Validation of the Identified Reference Genes

The expression levels of HupA biosynthesis-related genes, L/ODC (Unigene94617, Unigene94988), and cytochrome P450s (CL94158.8, CL11443.2, Unigene1166, and Unigene25121) were investigated using different reference genes in different tissues at different developmental stages to validate the selected candidate reference genes. Each of the two most stable reference genes (TBP and GAPDH), its combination (TBP + GAPDH), and the two least stable reference genes (HSP90 and MUB) were used as internal controls. When using TBP alone, GAPDH alone, MUB alone, and the combination of TBP + GAPDH for normalization, the expression patterns were similar in all six validated genes. However, when the least stable gene HSP90 was used for normalization, the expression patterns showed some differences (Figure 8). Thus, RNA Seq-assisted selection of candidate reference genes was helpful.

FIGURE 8.

FIGURE 8

Relative expression patterns of CL94158.8, CL11443.2, Unigene94617, Unigene94988, Unigene1166, and Unigene25121.

Discussion

Standardization and quality assessment of traditional herbal formulations is of paramount importance in order to modernize. However, still major bottlenecks faced by the herbal industry is the unavailability of rigid quality control profiles, primarily because of the complexity and incomplete knowledge of the active medicinal compounds. H. serrata, a vulnerable group of slow-growing plant, extensively harvested by the traditional medicinal practitioners. It contains many active compounds, especially HupA whose contents differed significantly among the organs, varieties, age, and production areas of the herbal medicines (Ma et al., 2006). Hence, to address such variation in quality of medicinal material, studies has been directed towards understanding the molecular regulatory mechanisms of secondary metabolism through transcriptomics or functional genomics approaches.

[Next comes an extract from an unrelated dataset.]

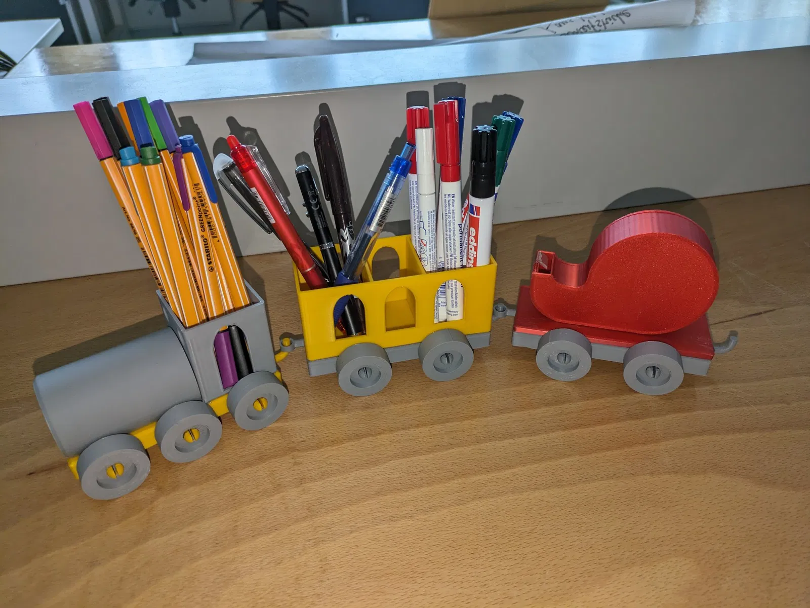 Đây là một cấu trúc xe bổ sung đầu tiên cho tàu văn phòng của tôi. Máy cắt băng dính cũng có thể được in riêng nếu bạn chỉ muốn sử dụng nó như vậy. Mô hình đã được in bằng Geetech HS-PLA Red. Máy in: Ankermake M5 Chiều cao lớp: 0.1mm Tốc độ: 500mm/s (theo Ankermake) Nhiệt độ in: 220°C Nhiệt độ bàn in: 60°C Bạn có thể tìm thấy toa xe kéo dưới đây: https://www.f3d.vn/3d-model/10603-xe-lua-van-phong-da-nang-va-do-choi-cho-tre-em

Most of the modern plant research is often underpinned by the genetic approach creating transgenic lines to test the gene functions in planta. Inability to genetically transform any lycophytes species such as H. serrata has been challenging, and as such our understanding of Huperzia development lags significantly behind almost all other land plant lineages despite its traditional medicinal application. Recently, our group published the global RNA-seq of four different tissues which assisted us for the gene mining regards to the HupA biosynthesi (Yang et al., 2017). Elucidating the biosynthetic pathway is a prerequisite to heterologous production of targeted metabolites limiting the overexploitation of the natural habitat. To our knowledge no suitable reference gene for this plant is available. It is important to select a suitable reference gene to study the different expression patterns in different varieties and different tissues in medicinal plants. Here, we report the use of eight genes (actin, tubulin, 18S, TBP, GAPDH, HSP90, MUB, and SAM), to select and validate the suitable reference genes for the qRT-PCR normalization in different tissues and developmental growth stages.

qRT-PCR is one of the most commonly used technologies for transcript expression analysis owing to its sensitivity and reproducibility (Derveaux et al., 2010). Coexpression analysis is a useful method to screen the candidate structure genes involved in specialized metabolite biosynthesis (Saito et al., 2008). Normalization with stable reference genes is critical for obtaining accurate results from qRT-PCR data. Differential and coexpression analyses of the structural genes derived from qRT-PCR have been successful to screen UDP-dependent glucuronosyltransferase, which can catalyze continuous two-step glucuronosylation of glycyrrhetinic acid to yield (Xu et al., 2016). Hence, differential analysis coupled with coexpression analysis will be a useful method to screen the specific genes in the plants without genome information.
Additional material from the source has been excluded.